We have not covered this point yet, but it is perfectly legal to have such streams! You may be wondering what could be the use of them? In fact there are many. To use them, you need to cut this stream at some point, and the Stream API gives you several way to do it. You already saw one, and there are more to come.
The one you saw is to call limit()
on that stream. Let us rewrite the previous example, and fix it.
Stream<String> generated = Stream.generate(() -> "+");
List<String> strings =
generated
.limit(10L)
.collect(Collectors.toList());
System.out.println("strings = " + strings);
Running this code prints the following.
strings = [+, +, +, +, +, +, +, +, +, +]
The limit()
method is called a short-circuiting method: it can stop the consumption of the elements of a stream. You may remember that the data is processed on element at a time in a stream: each element traverses all the operations defined in your stream, from the first one to the last one. This is the reason why this limit operation can stop the generation of more elements.
Creating a Stream from a UnaryOperator and a Seed
Using a supplier is great if you need to generate constant streams. If you need an infinite stream with varying values, then you can use the iterate()
pattern.
This pattern works with a seed, which is the first generated element. Then it uses a UnaryOperator
to generate the next element of the stream by transforming the previous element.
Stream<String> iterated = Stream.iterate("+", s -> s + "+");
iterated.limit(5L).forEach(System.out::println);
You should see the following result.
+
++
+++
++++
+++++
Do not forget to limit the number of elements processed by your stream when using this pattern.
Starting with Java SE 9, this pattern has an overload, which takes a predicate as an argument. The iterate()
method stops generating elements when this predicate becomes false. The previous code can use this pattern in the following way.
Stream<String> iterated = Stream.iterate("+", s -> s.length() <= 5, s -> s + "+");
iterated.forEach(System.out::println);
Running this code gives you the same result as the previous one.
Creating a Stream from a Range of Numbers
It is easy to create a range of numbers with the previous pattern. But it is even easier with the specialized streams of numbers and their range()
factory methods.
The range()
method takes the initial value and the upper bound of the range, excluded. You can also include the upper bound with the rangeClosed()

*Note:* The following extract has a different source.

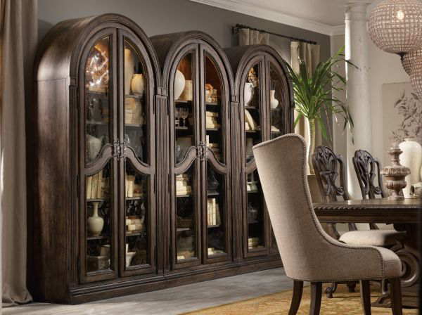 In storybook style, the romantic, softly-shaped Rhapsody Curio exudes casual opulence and classic European design pedigree. The laid-back luxury of the walnut-colored finish inspired by rustic reclaimed wood in beautiful patinas updates the curio for today's casual lifestyles. Behind two seeded glass doors are two top adjustable and wood-framed glass shelves with plate grooves. The center shelf is fixed, and the bottom two shelves are adjustable. Use this lovely curio alone, or bunched in twos or threes. The groundbreaking Rhapsody Collection brings together classic design elements, grand scale, and a relaxed rustic finish to create an impassioned marriage of casual opulence. Exuberant scale and serpentine shapes infuse the pieces with emotion, while timeless motifs like scrolls, rope twist molding, the acanthus leaf and fleur de lis anchor Rhapsody in old world charm. Building on the grand scale and classic European design is the defining element of the collection: a walnut-colored finish inspired by the natural yet rustic nature of reclaimed woods in beautiful patinas.

method. Calling LongStream.range(0L, 10L)
will simply generate a stream with all the longs between 0 and 9.
This range()
method can also be used to iterate through the elements of an array. Here is how you can do that.
String[] letters = {"A", "B", "C", "D"};
List<String> listLetters =
IntStream.range(0, 10)
.mapToObj(index -> letters[index % letters.length])

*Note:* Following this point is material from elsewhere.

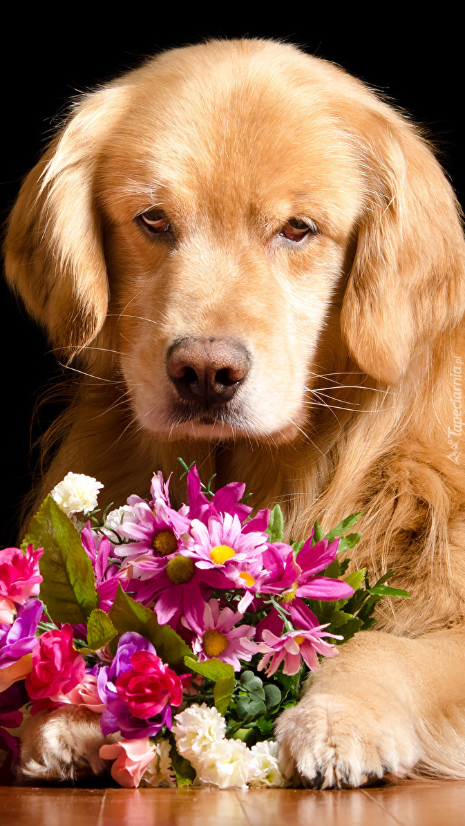 Edytor tapety: Golden retriever z bukietem kwiatów

.collect(Collectors.toList());
System.out.println("listLetters = " + listLetters);
The result is the following.
listLetters = [A, B, C, D, A, B, C, D, A, B]
There are plenty of things you can do, based on this pattern. Note that because IntStream.range()
creates an IntStream
, you need to use the mapToObj()
method to map it to a stream of objects.
Creating a Stream of Random Numbers
The Random
class is used to create random series of numbers. Starting with Java SE 8, several methods have been added to this class to create stream of random numbers of different types: int
, long
, and double
.
You can create an instance of Random
providing a seed. This seed is a long
parameter. The random numbers depends on that seed. For a given seed you will always get the same sequence of numbers. This may be handy in many circumstances, including the writing of tests. In that case, you can rely on a sequence of numbers that is known in advance.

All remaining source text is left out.